Medical IoT device maker Medtronic has initiated for a recall for several units of its insulin pumps after it was discovered that the devices were vulnerable to hacks and there is no way to patch the security holes. The said devices were MiniMed 508 and MiniMed Paradigm series insulin pumps.
“The MiniMed™ 508 insulin pump and the MiniMed™ Paradigm™ series insulin pumps are designed to communicate using a wireless radio frequency (RF) with other devices such as a blood glucose meters, glucose sensor transmitters, and CareLink™ USB devices,” Medtronic alerted users in a statement. “Security researchers have identified potential cybersecurity vulnerabilities related to these insulin pumps. An unauthorized person with special technical skills and equipment could potentially connect wirelessly to a nearby insulin pump to change settings and control insulin delivery. This could lead to hypoglycemia (if additional insulin is delivered) or hyperglycemia and diabetic ketoacidosis (if not enough insulin is delivered).”
It was the FDA that announced the vulnerabilities in the medical IoT devices from Medtronic. “The FDA is warning patients and health care providers that certain Medtronic MiniMed™ insulin pumps have potential cybersecurity risks. Patients with diabetes using these models should switch their insulin pump to models that are better equipped to protect against these potential risks,” FDA stated in a statement. The FDA also listed out the devices that were vulnerable in the statement.
Cybersecurity experts say cybercriminals are increasingly targeting the healthcare industry to steal sensitive medical information and sell it on the black market.
A survey from cybersecurity company Carbon Black stated the rate of cyber-attacks on healthcare industry appear to be increasing exponentially. In its survey report Healthcare Cyber Heists in 2019, Carbon Black has disclosed what is happening to the Personal Health Information (PHI) that was stolen by cybercriminals.

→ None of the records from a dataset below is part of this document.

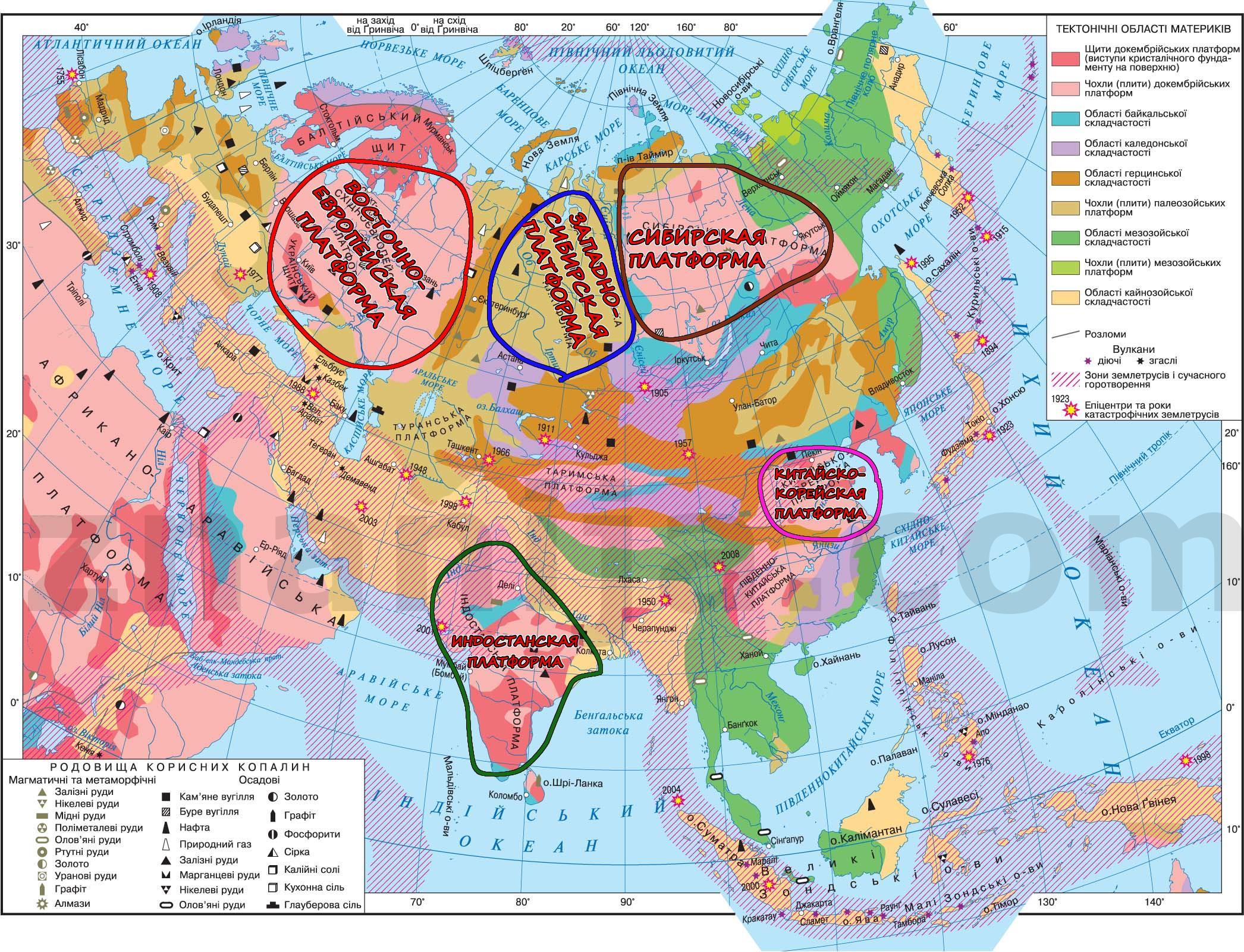 Ответ на этот вопрос можно подготовить с помощью физической и тектонической карт. Примеры таких соответствий вы можете увидеть на картах, прикрепленных к ответу.
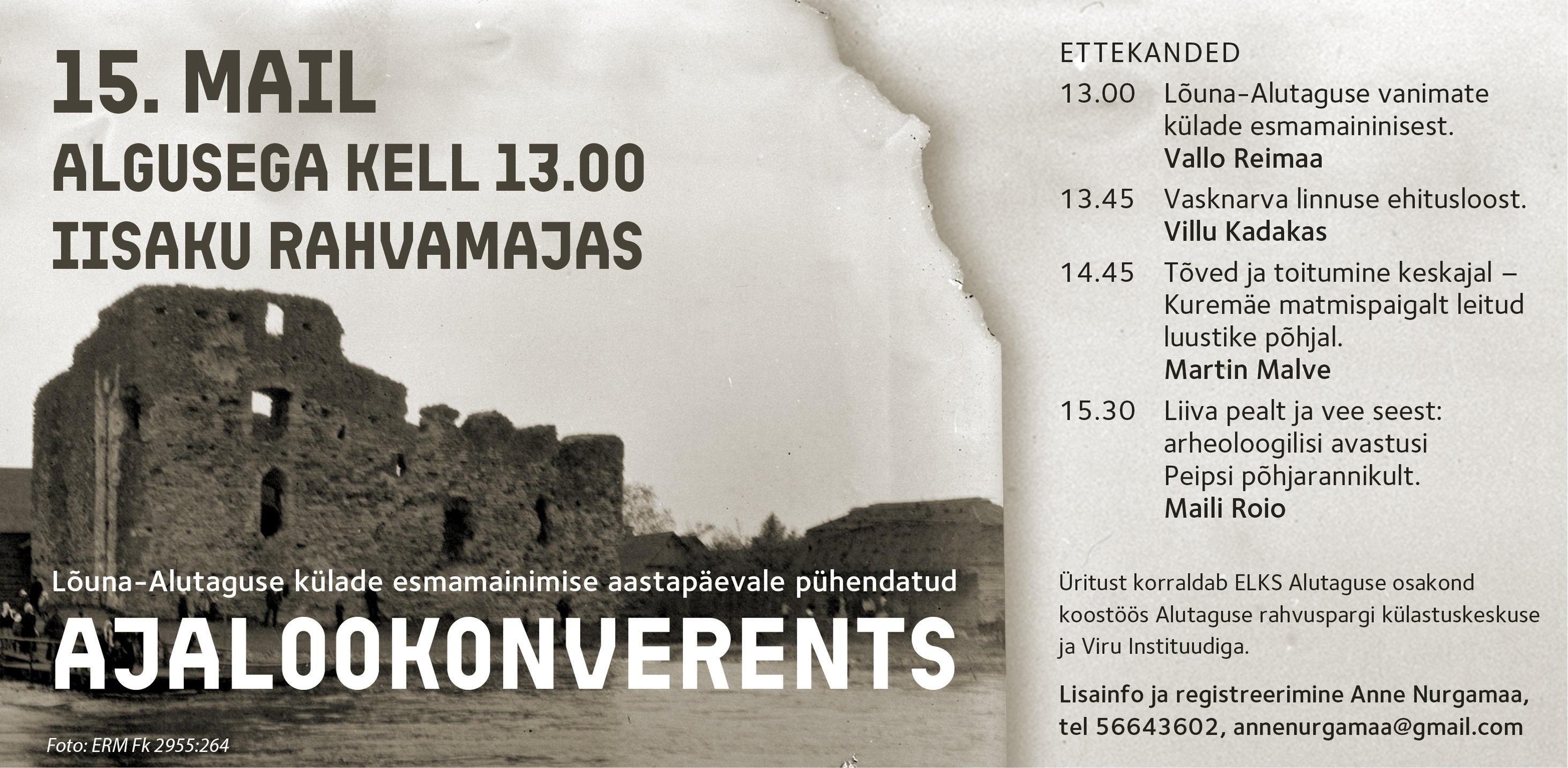 15. mail algusega kell 13.00 toimub Iisaku rahvamajas Lõuna‑Alutaguse külade esmamainimise aastapäevale pühendatud ajalookonverents.
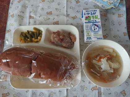 スープは、ワインで下味を付けた薄切りの豚肉と、人参、玉ねぎ、キャベツ、じゃがいもが具材のチキンブイヨン味のスープです。今日もお野菜たっぷりの具だくさんスープです。
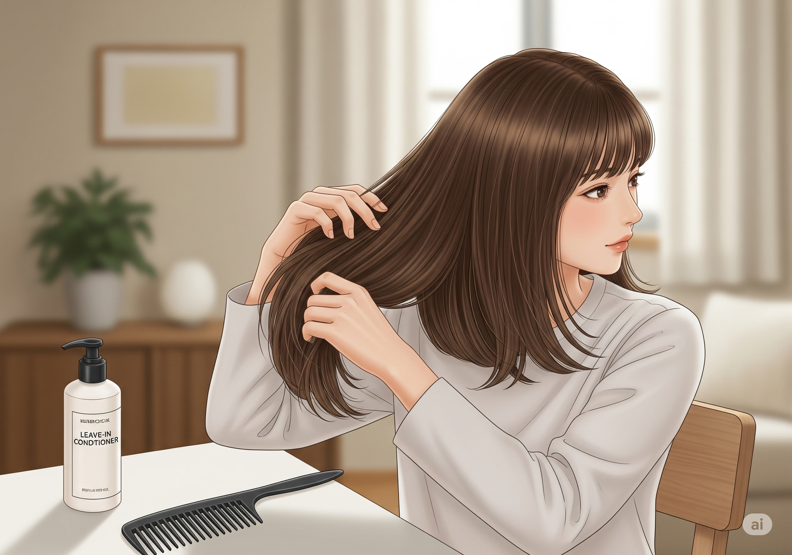 - Sisir rambut saat kering atau setengah kering: Rambut basah lebih rapuh dan rentan terhadap kerusakan. Jika harus menyisir rambut basah, gunakan kondisioner leave-in terlebih dahulu.

The survey, which involved 20 of the healthcare industry’s Chief Information Security Officers (CISOs), found the healthcare sector being targeted because of how lucrative PHI is when compared to other personal data like credit card numbers. It’s said that personal health information is worth three times more than other personal information since the health information never changes and can be used by cybercriminal groups for extortion or compromise.